== ACTIVITY ==
Copy without pictures. Please restate each line of the listing exactly.

== GIVEN ENTRIES ==
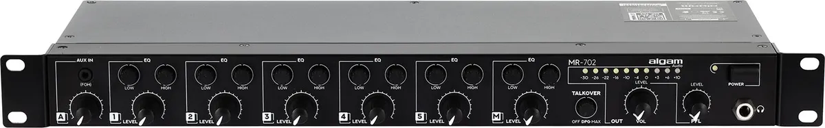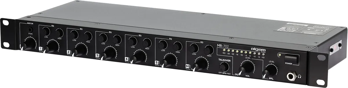 The MR-702 is a 7-channel rackmount audio mixer designed to meet the specific needs of audio professionals. Its robust construction and versatility make it a central component in numerous installations, from conference sound systems to events. Thanks to its intuitive interface and comprehensive features, it offers great flexibility of use and extensive connectivity to integrate seamlessly into an existing audio setup.
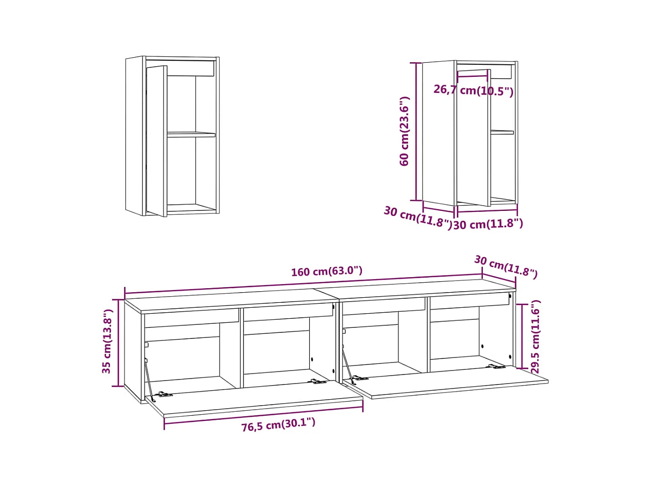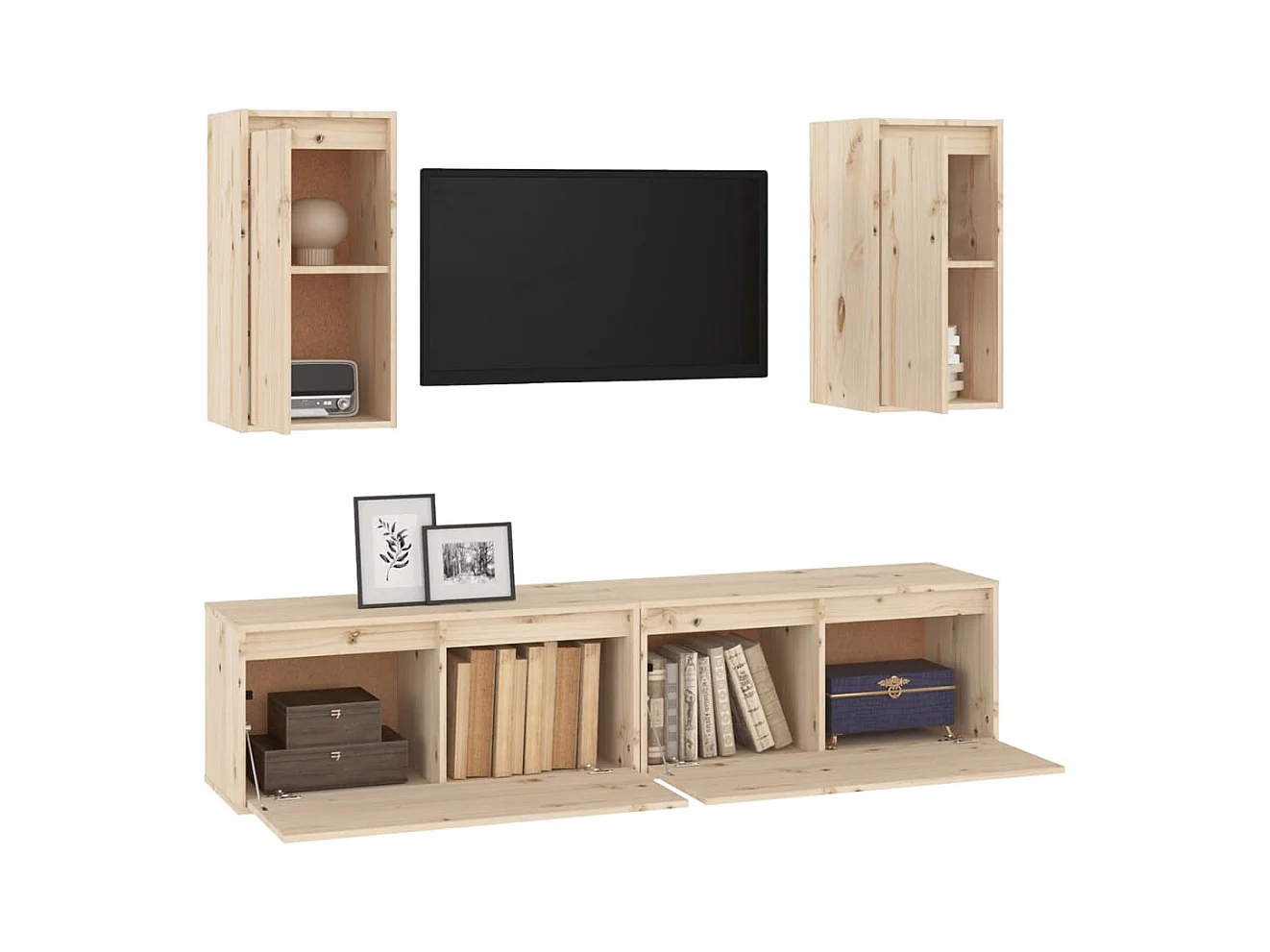 Meubles TV 4 pcs Marron miel Bois massif de pin
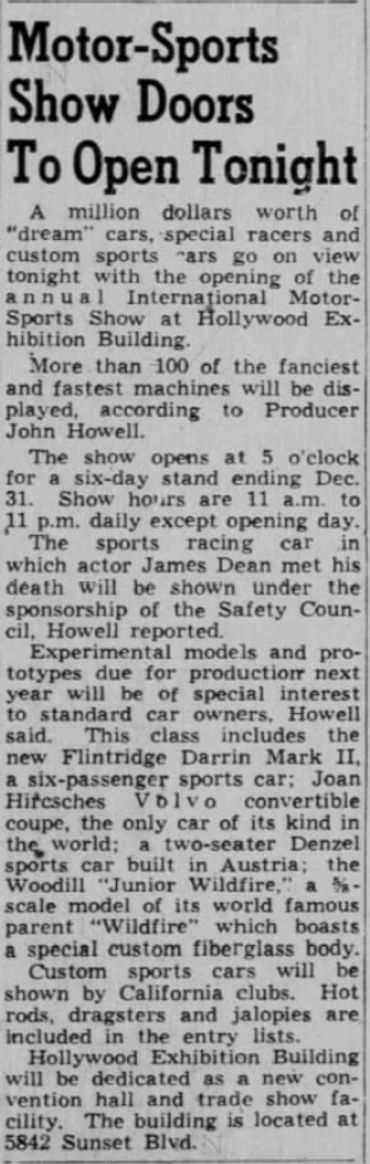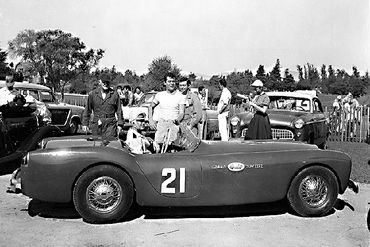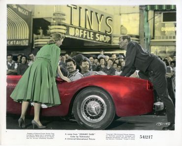 Woodill went back to his publicity mode after the Willys breakup. He saw to it that the Wildfire was entered into three contemporary movies. Written on the Wind with Rock Hudson, Knock on Wood, a comedy, starring Danny Kay and, most notably, the Woodill starred in Johnny Dark. Here Johnny (Tony Curtis) starred as a young and upcoming car designer who built a sports car called the Idaho Special. To prove it was worth its salt to his boss, he enters it in a Mexico to Canada cross country road race. After many harrowing trials, the car wins! The car, of course, was the Wildfire. The movie also debuted many other glass cars of the time, but the Woodill stood far out in the pack.
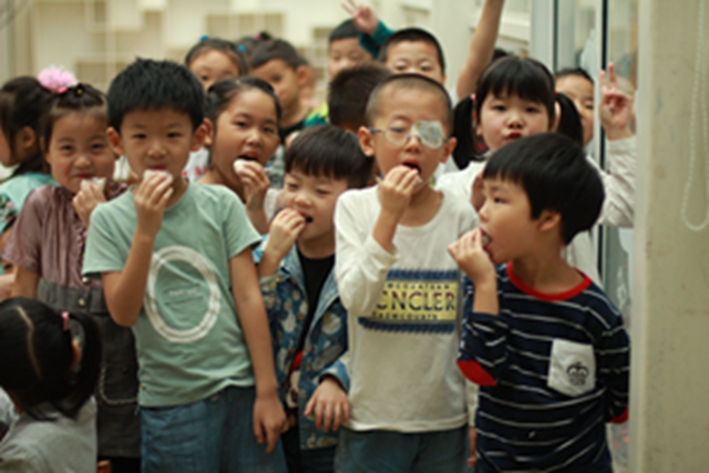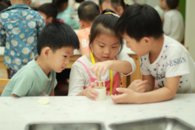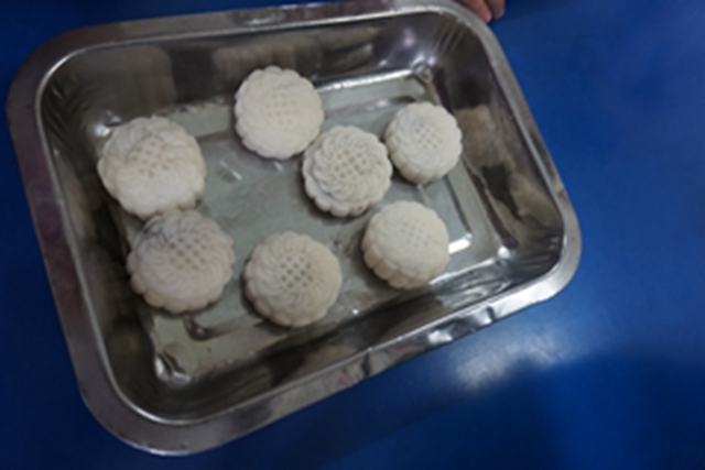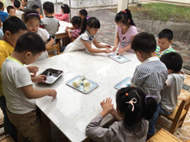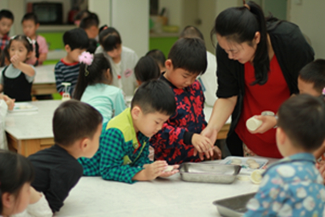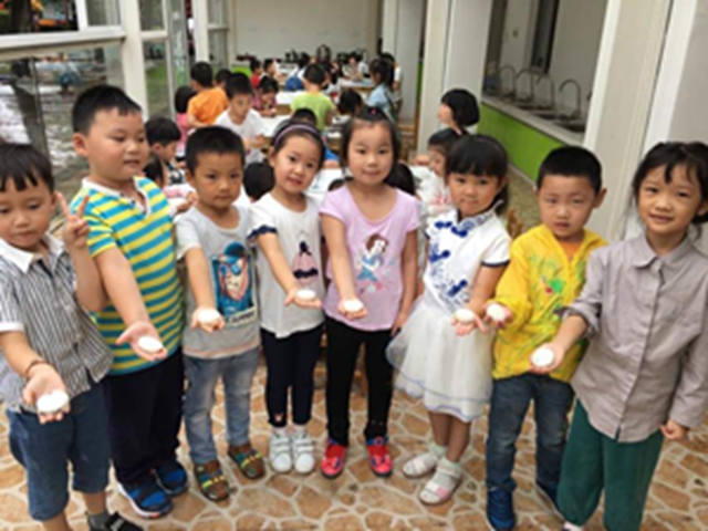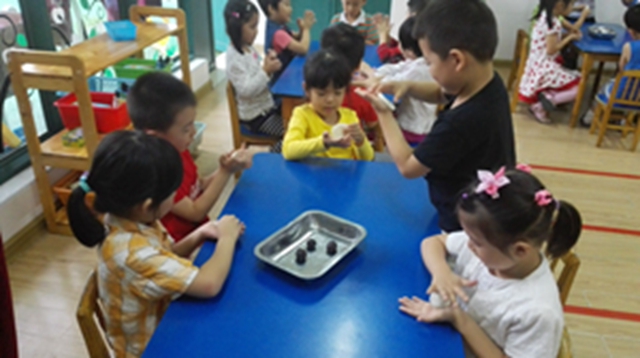 “吃月饼”是孩子们对于中秋节最熟悉的庆祝方式,而“做月饼”却是孩子们从未体验过的。孩子们认真遵守七步洗手法将小手清洗干净,仔细倾听制作方法,耐心细致地制作冰皮月饼。短短的时间里,孩子们搓皮、包馅、塑形、脱膜,环环紧扣,一气呵成。看着手中剔透可爱的小月饼,孩子们忍不住咬下一口。“好好吃啊!”孩子们惊叫着庆贺,也将我们的庆祝活动推向了高潮。
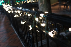 A close-up of a wrought-iron fence adorned with glowing white fairy lights creates an enchanting and intimate atmosphere. The soft illumination contrasts with the dark surroundings, inviting a sense of warmth and festivity. The focused composition draws the viewer's eye along the curving fence, leading into a shimmering, blurred background of lights.
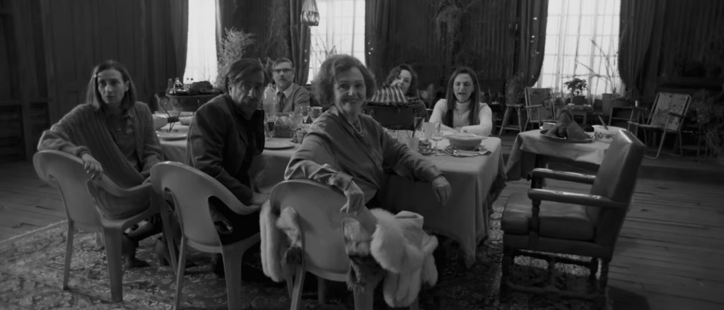 Баланс между ерничеством и честным возмущением найти сложно, и режиссера регулярно заносит в разные крайности: «Граф» то с яростью хоррора раскраивает черепа, то превращается в салонный фарс про наследников, то надолго застревает в вязком болоте метафоры. Само название - прозвище, которое, если верить фильму (а во многих деталях ему и правда можно верить), Пиночет предпочитал в ближнем кругу, и в то же время прозрачная отсылка к другому знаменитому кровососу из Трансильвании. У Пиночета есть даже собственный Рэнфилд: слуга Краснов - важнейший персонаж картины. Он тоже, кстати, реальная историческая фигура, пусть Ларраин поиграл и с его биографией (Краснов жив и отбывает 144-летний тюремный срок, так что вампиризм ему пригодится).

== ANSWER TO THE PROBLEM ==
 The MR-702 is a 7-channel rackmount audio mixer designed to meet the specific needs of audio professionals. Its robust construction and versatility make it a central component in numerous installations, from conference sound systems to events. Thanks to its intuitive interface and comprehensive features, it offers great flexibility of use and extensive connectivity to integrate seamlessly into an existing audio setup.
 Meubles TV 4 pcs Marron miel Bois massif de pin
 Woodill went back to his publicity mode after the Willys breakup. He saw to it that the Wildfire was entered into three contemporary movies. Written on the Wind with Rock Hudson, Knock on Wood, a comedy, starring Danny Kay and, most notably, the Woodill starred in Johnny Dark. Here Johnny (Tony Curtis) starred as a young and upcoming car designer who built a sports car called the Idaho Special. To prove it was worth its salt to his boss, he enters it in a Mexico to Canada cross country road race. After many harrowing trials, the car wins! The car, of course, was the Wildfire. The movie also debuted many other glass cars of the time, but the Woodill stood far out in the pack.
 “吃月饼”是孩子们对于中秋节最熟悉的庆祝方式,而“做月饼”却是孩子们从未体验过的。孩子们认真遵守七步洗手法将小手清洗干净,仔细倾听制作方法,耐心细致地制作冰皮月饼。短短的时间里,孩子们搓皮、包馅、塑形、脱膜,环环紧扣,一气呵成。看着手中剔透可爱的小月饼,孩子们忍不住咬下一口。“好好吃啊!”孩子们惊叫着庆贺,也将我们的庆祝活动推向了高潮。
 A close-up of a wrought-iron fence adorned with glowing white fairy lights creates an enchanting and intimate atmosphere. The soft illumination contrasts with the dark surroundings, inviting a sense of warmth and festivity. The focused composition draws the viewer's eye along the curving fence, leading into a shimmering, blurred background of lights.
 Баланс между ерничеством и честным возмущением найти сложно, и режиссера регулярно заносит в разные крайности: «Граф» то с яростью хоррора раскраивает черепа, то превращается в салонный фарс про наследников, то надолго застревает в вязком болоте метафоры. Само название - прозвище, которое, если верить фильму (а во многих деталях ему и правда можно верить), Пиночет предпочитал в ближнем кругу, и в то же время прозрачная отсылка к другому знаменитому кровососу из Трансильвании. У Пиночета есть даже собственный Рэнфилд: слуга Краснов - важнейший персонаж картины. Он тоже, кстати, реальная историческая фигура, пусть Ларраин поиграл и с его биографией (Краснов жив и отбывает 144-летний тюремный срок, так что вампиризм ему пригодится).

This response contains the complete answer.